Alternatives To Contact Lenses
Snorkeling with contact lenses might not be the ideal solution for everyone. There are alternatives available that can provide clear underwater vision without the risks associated with wearing contact lenses. In this section, we will explore two alternatives: prescription masks and LASIK eye surgery.
A prescription mask is specially designed for snorkeling or diving mask. These masks can be customized to accommodate an individual’s specific visual needs, allowing for clear vision underwater without the need for contact lenses. This can provide a safer and more comfortable option while snorkeling, as it eliminates the risk of losing contact lenses or experiencing discomfort due to water exposure.
This is a more reasonable option for people who are engaging in water activities frequently. However, if your prescription as been stable for several years, it may be worth investing in a pair that you can use whenever you go snorkeling or diving.
Another alternative for individuals who wish to snorkel without contact lenses is to consider undergoing laser vision correction. Some of the vision correction surgeries include LASIK, PRK and SMILE eye surgery. These procedures use a laser to reshape the cornea. This will correct vision issues, and reduce or eliminate the need for corrective lenses.

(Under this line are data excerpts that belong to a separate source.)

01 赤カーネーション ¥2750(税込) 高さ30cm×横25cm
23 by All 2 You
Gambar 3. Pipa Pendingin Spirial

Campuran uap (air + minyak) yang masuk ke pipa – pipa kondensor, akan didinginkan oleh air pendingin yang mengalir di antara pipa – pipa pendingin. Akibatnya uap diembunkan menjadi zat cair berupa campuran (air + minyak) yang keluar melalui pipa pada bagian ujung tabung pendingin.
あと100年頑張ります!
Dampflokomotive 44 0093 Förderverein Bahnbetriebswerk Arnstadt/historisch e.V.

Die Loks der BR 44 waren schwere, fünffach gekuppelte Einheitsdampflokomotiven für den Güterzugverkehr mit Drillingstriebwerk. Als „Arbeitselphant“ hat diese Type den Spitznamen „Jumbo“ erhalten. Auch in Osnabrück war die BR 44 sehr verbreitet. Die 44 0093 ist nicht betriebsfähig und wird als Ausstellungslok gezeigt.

The benefits of having vision correction eye surgery include:
- Permanent solution: LASIK can provide long-term correction of vision issues, without the need for contact lenses or glasses.

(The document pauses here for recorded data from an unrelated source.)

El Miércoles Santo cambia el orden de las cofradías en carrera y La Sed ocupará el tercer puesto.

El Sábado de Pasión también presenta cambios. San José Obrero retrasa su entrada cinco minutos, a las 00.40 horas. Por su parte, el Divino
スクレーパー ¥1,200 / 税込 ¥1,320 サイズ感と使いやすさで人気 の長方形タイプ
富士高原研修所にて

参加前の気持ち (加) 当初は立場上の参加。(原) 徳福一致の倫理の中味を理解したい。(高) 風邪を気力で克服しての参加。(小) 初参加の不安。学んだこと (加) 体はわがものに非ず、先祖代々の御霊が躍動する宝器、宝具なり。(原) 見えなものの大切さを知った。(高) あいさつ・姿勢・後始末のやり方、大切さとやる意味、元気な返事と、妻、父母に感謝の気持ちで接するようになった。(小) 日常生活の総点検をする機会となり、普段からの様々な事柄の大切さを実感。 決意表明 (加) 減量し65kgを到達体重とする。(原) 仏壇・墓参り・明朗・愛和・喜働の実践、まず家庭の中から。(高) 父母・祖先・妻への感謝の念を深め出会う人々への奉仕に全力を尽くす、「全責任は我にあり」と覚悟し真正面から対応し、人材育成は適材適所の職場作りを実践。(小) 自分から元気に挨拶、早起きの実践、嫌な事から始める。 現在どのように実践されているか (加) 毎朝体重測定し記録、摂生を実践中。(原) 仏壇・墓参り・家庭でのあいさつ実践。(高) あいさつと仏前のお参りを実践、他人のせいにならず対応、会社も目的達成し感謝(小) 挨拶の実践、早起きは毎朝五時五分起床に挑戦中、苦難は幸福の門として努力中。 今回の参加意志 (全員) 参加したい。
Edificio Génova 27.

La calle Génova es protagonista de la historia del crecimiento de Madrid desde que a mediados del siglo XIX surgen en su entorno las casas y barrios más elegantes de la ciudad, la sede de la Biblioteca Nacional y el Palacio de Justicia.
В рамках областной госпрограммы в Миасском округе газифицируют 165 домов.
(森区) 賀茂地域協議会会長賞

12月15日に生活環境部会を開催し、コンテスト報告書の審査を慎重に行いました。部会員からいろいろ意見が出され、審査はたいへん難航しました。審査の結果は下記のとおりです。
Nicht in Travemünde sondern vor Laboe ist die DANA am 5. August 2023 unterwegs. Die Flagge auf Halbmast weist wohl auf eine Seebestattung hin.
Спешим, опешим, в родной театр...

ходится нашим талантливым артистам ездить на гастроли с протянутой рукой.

- Quick recovery: Most individuals can return to normal activities, including snorkeling, within a few weeks following LASIK surgery. Recovery times are longer for PRK.

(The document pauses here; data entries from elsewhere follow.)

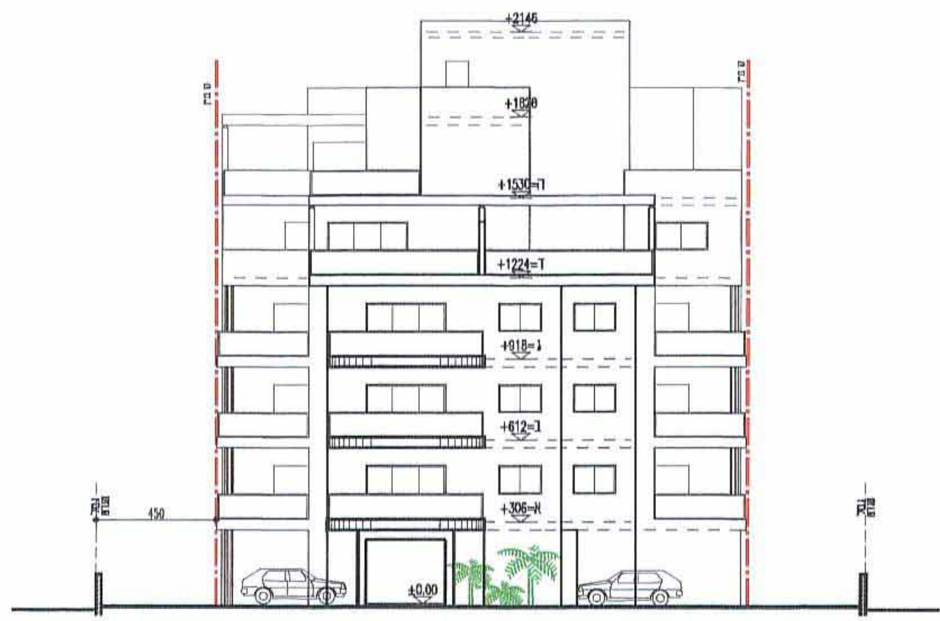
חזית מערבית (רחוב הרצל)
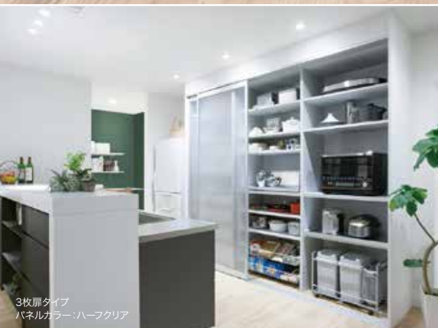
3枚扉タイプ パネルカラー：ハーフクリア

グレイッシュなカラーに一新し、上品さをプラス。 どんなキッチン空間にも美しくフィットする「ユニモ2」新登場です。
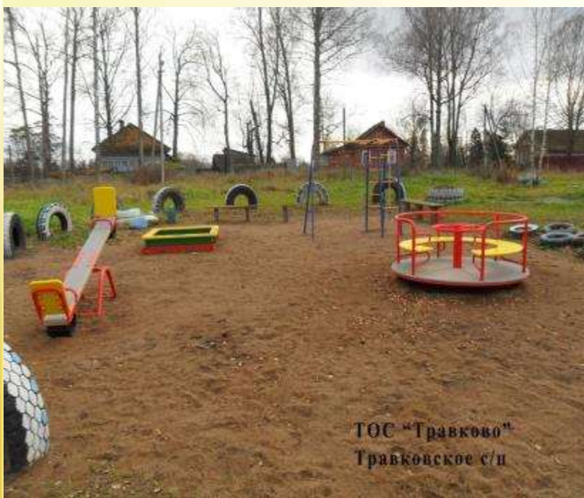
ТОС "Травково" Травковское с/п

- Cost-effective: Although the initial cost of LASIK surgery can be high, it may prove to be a more cost-effective solution in the long run. Once you have vision correction surgery, you will not need to buy contact lenses.
While not everyone is a good candidate for laser vision correction surgery, it is an option worth considering for those who are interested in a long-lasting solution that allows them to snorkel without the hassle of contact lenses. Plus you have the added benefit of having perfect eyesight all the time even when you are not snorkeling. As always, consult with an eye care professional to discuss the best solution for your specific visual needs and lifestyle.
Can You Snorkel With Contacts? Short Answer
The short answer is, yes you can, but you need to make sure that the water does not make contact with the contact lens. Snorkeling is a great way to enjoy the beauty of the ocean, but for contact lens wearers, appropriate precautions should be taken. Make sure your snorkel mask fits tightly to keep water out. This helps avoid eye infections from the water. If water gets in your mask, remove your soft contacts after snorkeling and do not use these lenses again. One devastating eye infection that can result from water is a germ called Acanthamoeba keratitis. This can cause permanent vision loss. If you are an avid swimmer or someone who enjoys snorkeling frequently, consider laser vision correction surgery like LASIK or alternatives to LASIK.